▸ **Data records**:
________________________

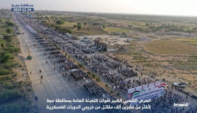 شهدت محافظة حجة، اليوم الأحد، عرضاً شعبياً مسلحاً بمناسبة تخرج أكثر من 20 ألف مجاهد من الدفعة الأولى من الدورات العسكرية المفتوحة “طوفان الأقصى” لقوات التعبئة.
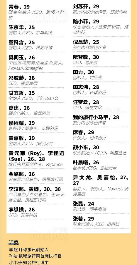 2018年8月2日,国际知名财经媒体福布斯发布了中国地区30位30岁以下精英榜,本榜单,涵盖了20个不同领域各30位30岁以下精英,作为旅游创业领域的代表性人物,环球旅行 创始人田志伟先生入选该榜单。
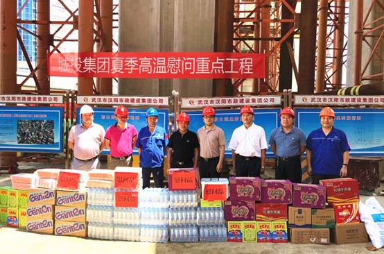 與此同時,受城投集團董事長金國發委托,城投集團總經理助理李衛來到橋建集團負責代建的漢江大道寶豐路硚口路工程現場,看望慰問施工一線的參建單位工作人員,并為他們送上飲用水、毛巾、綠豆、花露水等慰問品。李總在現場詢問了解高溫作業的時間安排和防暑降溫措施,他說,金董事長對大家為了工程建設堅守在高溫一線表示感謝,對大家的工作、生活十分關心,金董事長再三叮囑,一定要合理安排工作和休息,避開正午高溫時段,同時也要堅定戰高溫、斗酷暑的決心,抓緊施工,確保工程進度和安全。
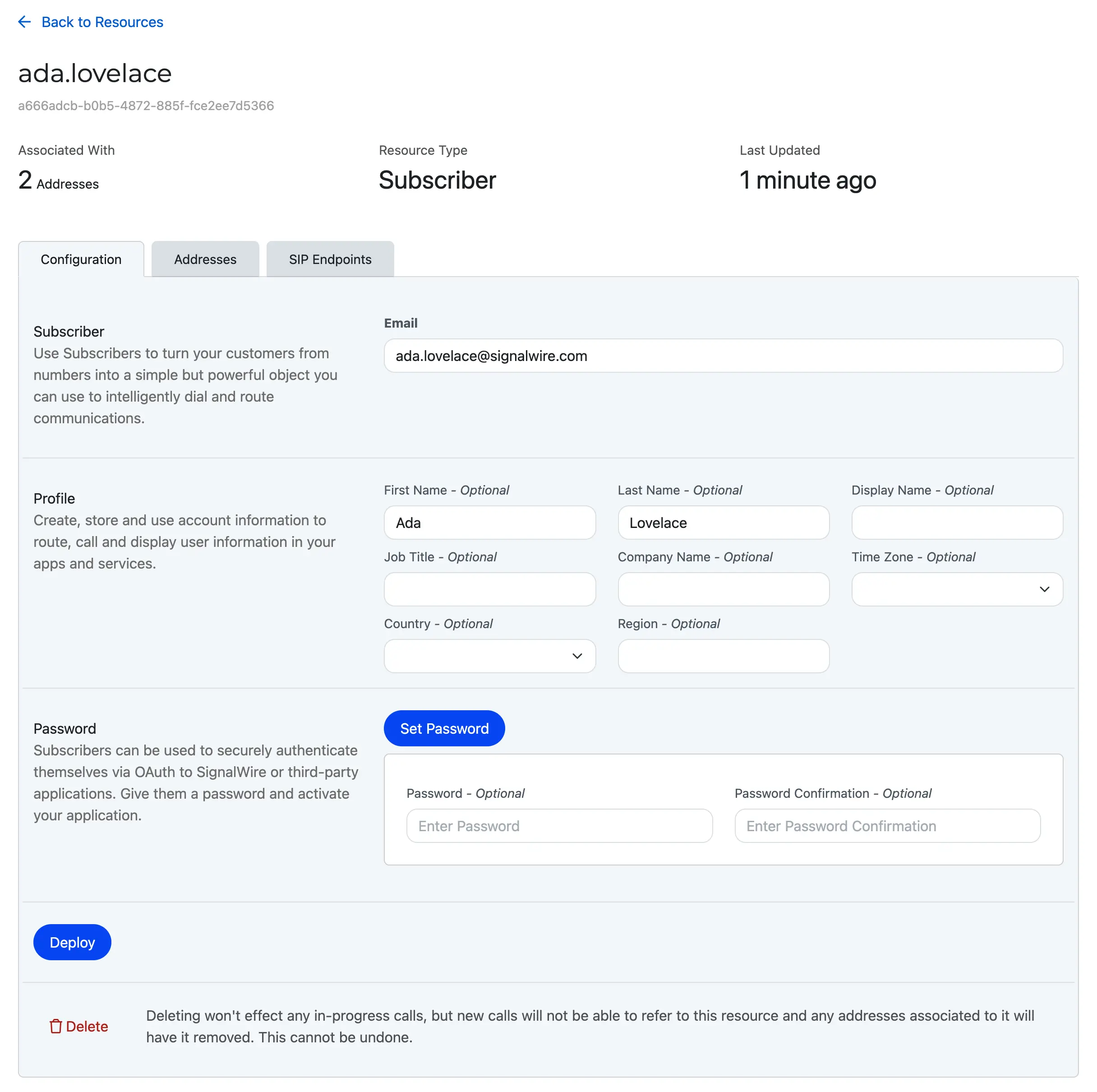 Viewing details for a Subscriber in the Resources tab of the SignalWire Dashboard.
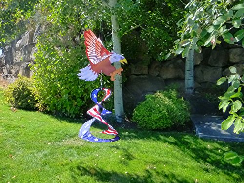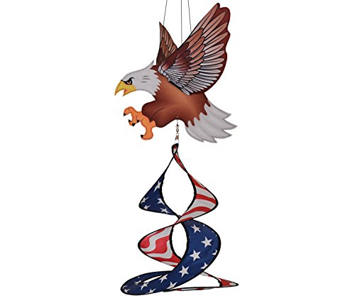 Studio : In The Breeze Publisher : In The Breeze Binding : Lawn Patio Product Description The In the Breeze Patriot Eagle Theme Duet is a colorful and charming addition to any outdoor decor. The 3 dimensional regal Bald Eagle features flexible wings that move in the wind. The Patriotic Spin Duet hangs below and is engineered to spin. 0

________________________

Output a precise copy of the entries, leaving the images out.

▸ **Answer to this exercise**:
 شهدت محافظة حجة، اليوم الأحد، عرضاً شعبياً مسلحاً بمناسبة تخرج أكثر من 20 ألف مجاهد من الدفعة الأولى من الدورات العسكرية المفتوحة “طوفان الأقصى” لقوات التعبئة.
 2018年8月2日,国际知名财经媒体福布斯发布了中国地区30位30岁以下精英榜,本榜单,涵盖了20个不同领域各30位30岁以下精英,作为旅游创业领域的代表性人物,环球旅行 创始人田志伟先生入选该榜单。
 與此同時,受城投集團董事長金國發委托,城投集團總經理助理李衛來到橋建集團負責代建的漢江大道寶豐路硚口路工程現場,看望慰問施工一線的參建單位工作人員,并為他們送上飲用水、毛巾、綠豆、花露水等慰問品。李總在現場詢問了解高溫作業的時間安排和防暑降溫措施,他說,金董事長對大家為了工程建設堅守在高溫一線表示感謝,對大家的工作、生活十分關心,金董事長再三叮囑,一定要合理安排工作和休息,避開正午高溫時段,同時也要堅定戰高溫、斗酷暑的決心,抓緊施工,確保工程進度和安全。
 Viewing details for a Subscriber in the Resources tab of the SignalWire Dashboard.
 Studio : In The Breeze Publisher : In The Breeze Binding : Lawn Patio Product Description The In the Breeze Patriot Eagle Theme Duet is a colorful and charming addition to any outdoor decor. The 3 dimensional regal Bald Eagle features flexible wings that move in the wind. The Patriotic Spin Duet hangs below and is engineered to spin. 0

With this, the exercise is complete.